There were several in the Gorge, but none in Hood River; the closest was at the Mt. Hood Town Hall.

“I received such a warm welcome from the women in the class, and thought the facilitators did a great job, so I continued to attend for an entire year,” she said. “It was a nice way to meet people … (and) being new to the area, I enjoyed the drive: The spectacular view of Mount Hood driving up, and Mount Adams on my way back.”

Dow, who leads at Mt. Hood Town Hall, had only taken one class in Mosier before signing up for the training.

“I wanted to get involved in the program for my own fitness benefit, to help bring affordable exercise classes to the upper valley, and to meet new people, presumably like-minded about the importance of exercise to a happy and healthy living and aging,” she said.

They’ve found the classes are well attended by people of all ages, although the majority are middle age and older women.

And they’ve started using the term “Strong People” to emphasis the fact that anyone can attend.

“I have started using the title ‘Strong People,’ in hopes that more ‘people’ will start signing up for the class,” Stone said. “Men and women both benefit from weight training and fall prevention, so there’s no reason to limit the participation of anyone.”

Said Dow, “The program was originally developed for middle aged and older women, but everyone can do these strength training exercise and would benefit.”
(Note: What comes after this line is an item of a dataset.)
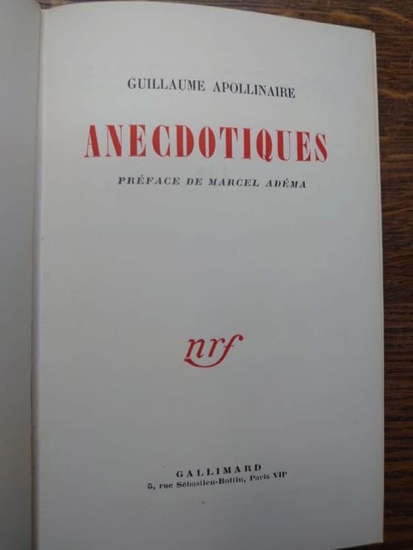 Paris, Gallimard, 1955. 18,2 x 12 cm, 332 pp. Relié cartonnage d'éditeur en bel état. Tirage limité à 550 exemplaires numérotés sur vélin labeur dans un cartonnage de Paul Bonet. C'est la première édition en livre de l'intégralité des chroniques publiées par Apollinaire dans le Mercure de France sous le titre "La Vie anecdotique", faisant voisiner les prophéties, le futurisme, la cuisine, Victor Hugo et Alfred Jarry...

The core group meeting at the town hall is between 60 and 80 years old, she said, but women in their 90s have also attended. They’ve also had a man attend — once — and younger women come to class from time to time as well.

All would like to see even greater numbers.

The class at Wy’east Vista Apartments Community Room began in October and sees an average of eight to 10 women ages 65 to 79, Culbertson said. She’s spread the word by dropping off flyers to Providence Hood River Memorial Hospital and to yoga and physical therapy clinics, as well as by word of mouth.

“We tell people we know about the class,” she said. “We believe in the benefits of the class — physically as well as socially.”

Stone had 24 people sign up for the first term, and she’s hoping to build on those numbers in the coming year.

“We have space to grow, and as we collect tuition and use it to buy more weights and other equipment that we need for the class,” said Stone. “I’m hoping we can grow into a nice sized group of 30 or so.”

While the program is fundamentally the same, the leaders have some flexibility, in meeting times, length of term and cost.

Cost differences between the programs are largely due to differences in room rentals and whether the programs are still in building mode, with equipment to still purchase, said Dow.

Mt. Hood Town Hall offers “Strong Women” and “Strong Bones” programs, and Stone has decided to bring both to Cascade Locks this term as well.

“They’re a little different — the ‘Strong Bones’ program includes a segment of floor exercises, while the ‘Strong Women’ does not,” she explained. She will lead the floor exercises on Wednesdays towards the end of class, and said that anyone who does not wish to participate in that portion is welcome to leave the class a little early — and get the benefits from the rest of the program.

Stone has taught exercise for seniors throughout her career, and says she’s had participants in their 90s.

“It’s never too late to start, or start again, or give it a try for the very first time,” she said.